======== Recorded information ========

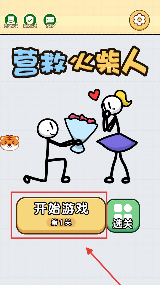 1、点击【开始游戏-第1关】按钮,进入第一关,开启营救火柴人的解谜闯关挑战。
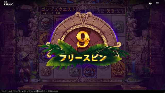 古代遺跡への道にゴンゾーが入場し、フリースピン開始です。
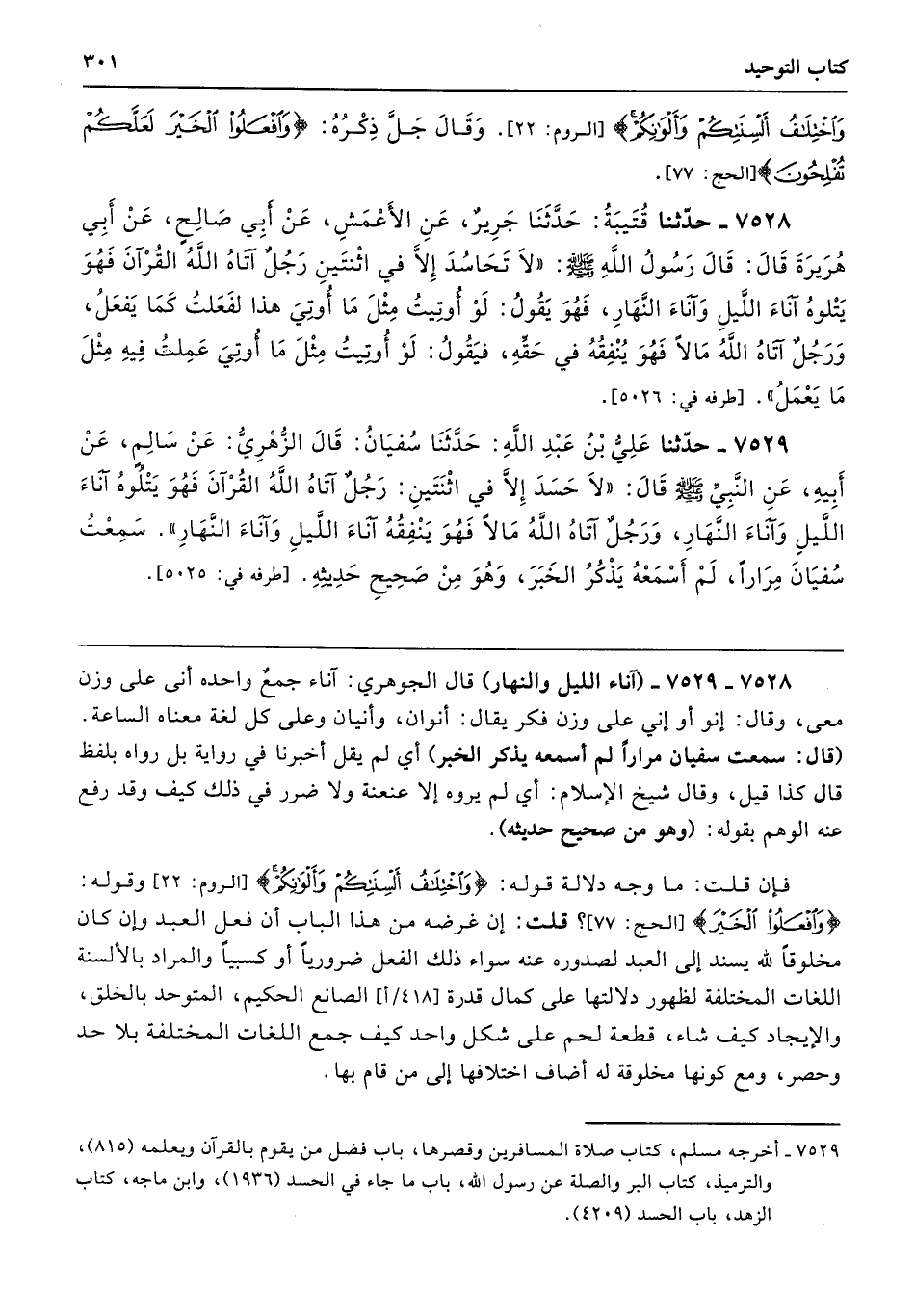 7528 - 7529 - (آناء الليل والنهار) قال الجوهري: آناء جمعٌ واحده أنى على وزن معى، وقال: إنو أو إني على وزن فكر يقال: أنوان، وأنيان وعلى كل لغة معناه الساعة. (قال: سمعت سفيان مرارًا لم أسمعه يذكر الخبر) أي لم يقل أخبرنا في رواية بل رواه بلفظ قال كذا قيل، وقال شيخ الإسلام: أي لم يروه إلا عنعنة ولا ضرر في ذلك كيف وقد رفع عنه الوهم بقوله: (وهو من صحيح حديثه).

========

Action item → Restate the listing word for word, pictures excluded.

Finished task →
 1、点击【开始游戏-第1关】按钮,进入第一关,开启营救火柴人的解谜闯关挑战。
 古代遺跡への道にゴンゾーが入場し、フリースピン開始です。
 7528 - 7529 - (آناء الليل والنهار) قال الجوهري: آناء جمعٌ واحده أنى على وزن معى، وقال: إنو أو إني على وزن فكر يقال: أنوان، وأنيان وعلى كل لغة معناه الساعة. (قال: سمعت سفيان مرارًا لم أسمعه يذكر الخبر) أي لم يقل أخبرنا في رواية بل رواه بلفظ قال كذا قيل، وقال شيخ الإسلام: أي لم يروه إلا عنعنة ولا ضرر في ذلك كيف وقد رفع عنه الوهم بقوله: (وهو من صحيح حديثه).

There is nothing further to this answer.